-- AIM OF THE EXERCISE --
In this exercise, retype exactly and only the lines from the top of the entries below through the line that holds "Gebruik de zoekbalk", omitting pictures.

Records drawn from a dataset
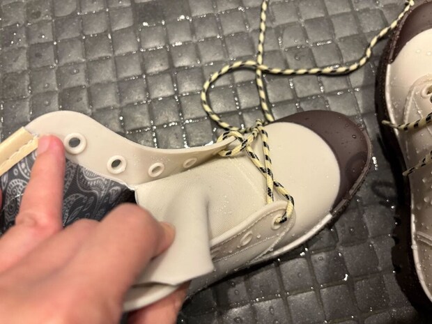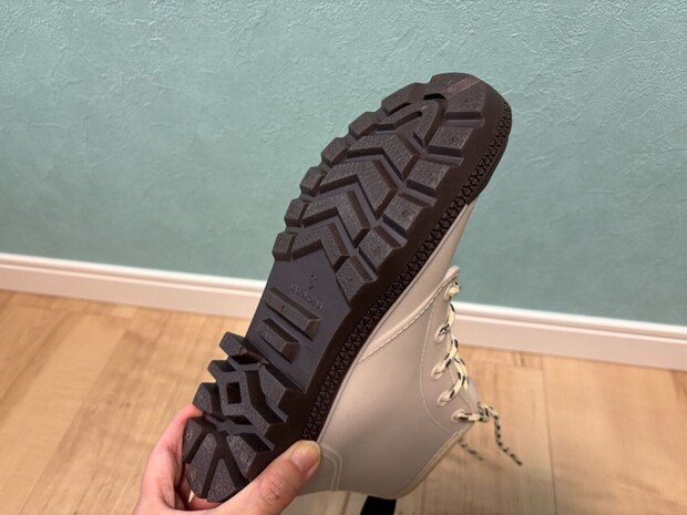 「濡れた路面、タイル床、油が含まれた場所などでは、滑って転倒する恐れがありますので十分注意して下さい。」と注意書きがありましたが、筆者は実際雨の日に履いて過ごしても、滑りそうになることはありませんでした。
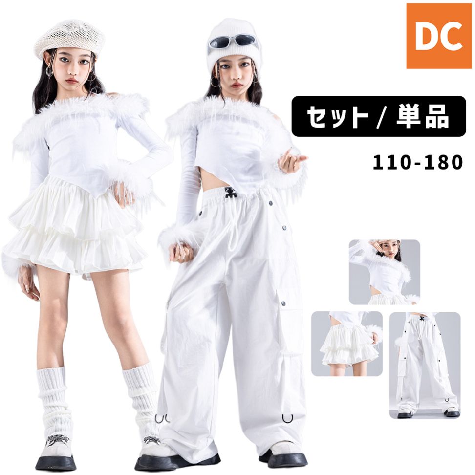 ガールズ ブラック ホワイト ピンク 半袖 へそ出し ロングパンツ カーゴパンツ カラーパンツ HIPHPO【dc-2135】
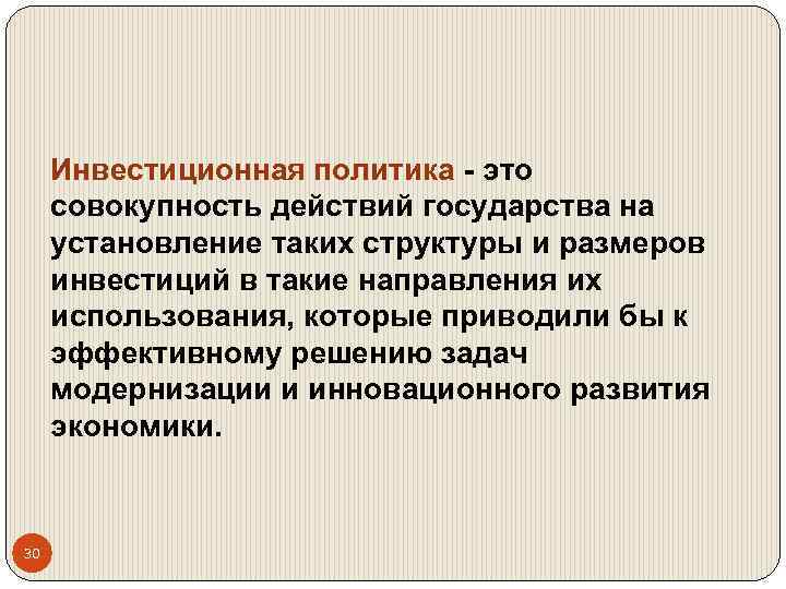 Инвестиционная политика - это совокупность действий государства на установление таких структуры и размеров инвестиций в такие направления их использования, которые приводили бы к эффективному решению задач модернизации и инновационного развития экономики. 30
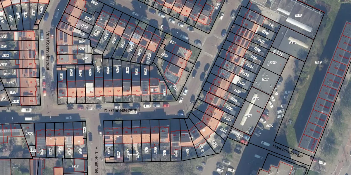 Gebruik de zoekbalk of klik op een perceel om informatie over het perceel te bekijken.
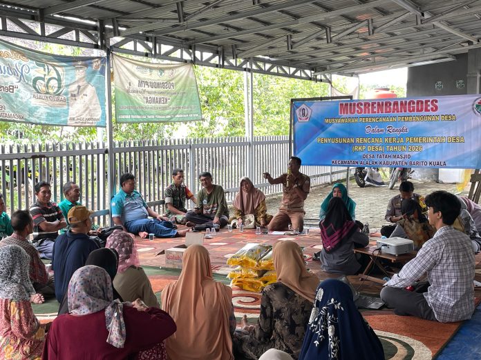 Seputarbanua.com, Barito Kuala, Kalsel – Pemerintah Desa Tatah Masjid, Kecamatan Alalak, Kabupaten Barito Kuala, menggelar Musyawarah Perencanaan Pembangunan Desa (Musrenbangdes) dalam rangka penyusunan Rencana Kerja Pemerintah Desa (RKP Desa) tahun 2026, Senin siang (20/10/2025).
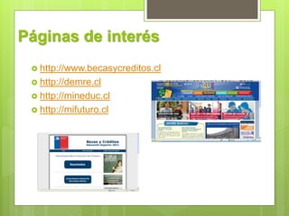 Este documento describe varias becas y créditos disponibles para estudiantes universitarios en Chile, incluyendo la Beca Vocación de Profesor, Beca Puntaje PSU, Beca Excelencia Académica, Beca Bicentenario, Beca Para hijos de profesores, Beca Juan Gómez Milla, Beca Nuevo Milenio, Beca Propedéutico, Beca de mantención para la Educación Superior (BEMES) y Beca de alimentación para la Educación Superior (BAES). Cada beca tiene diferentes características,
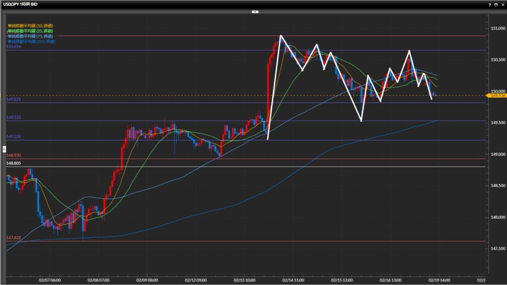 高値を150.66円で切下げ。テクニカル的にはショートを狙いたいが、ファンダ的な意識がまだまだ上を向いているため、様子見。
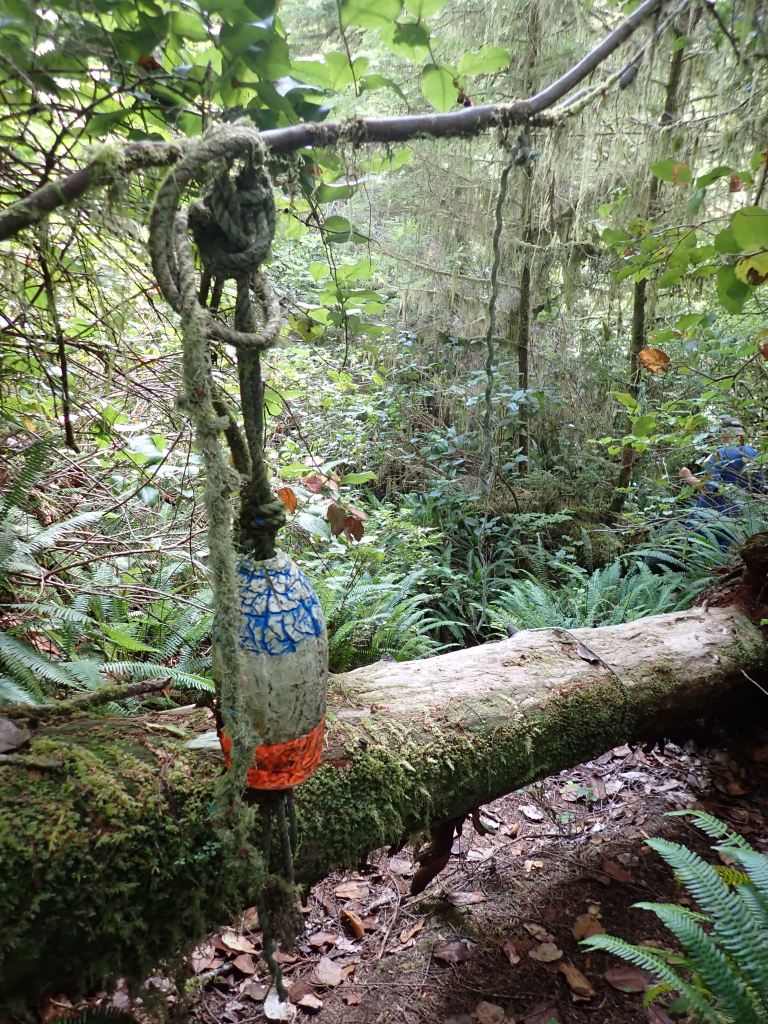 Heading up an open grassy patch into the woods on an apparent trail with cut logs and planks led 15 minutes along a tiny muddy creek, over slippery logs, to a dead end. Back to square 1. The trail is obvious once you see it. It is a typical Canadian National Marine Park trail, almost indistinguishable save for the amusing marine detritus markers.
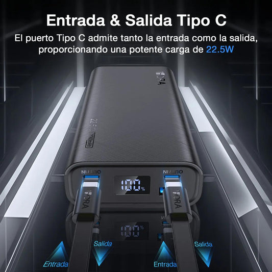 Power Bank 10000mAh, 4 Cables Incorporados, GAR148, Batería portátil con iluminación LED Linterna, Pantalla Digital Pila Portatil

-- RESPONSE BOX --
 「濡れた路面、タイル床、油が含まれた場所などでは、滑って転倒する恐れがありますので十分注意して下さい。」と注意書きがありましたが、筆者は実際雨の日に履いて過ごしても、滑りそうになることはありませんでした。
 ガールズ ブラック ホワイト ピンク 半袖 へそ出し ロングパンツ カーゴパンツ カラーパンツ HIPHPO【dc-2135】
 Инвестиционная политика - это совокупность действий государства на установление таких структуры и размеров инвестиций в такие направления их использования, которые приводили бы к эффективному решению задач модернизации и инновационного развития экономики. 30
 Gebruik de zoekbalk of klik op een perceel om informatie over het perceel te bekijken.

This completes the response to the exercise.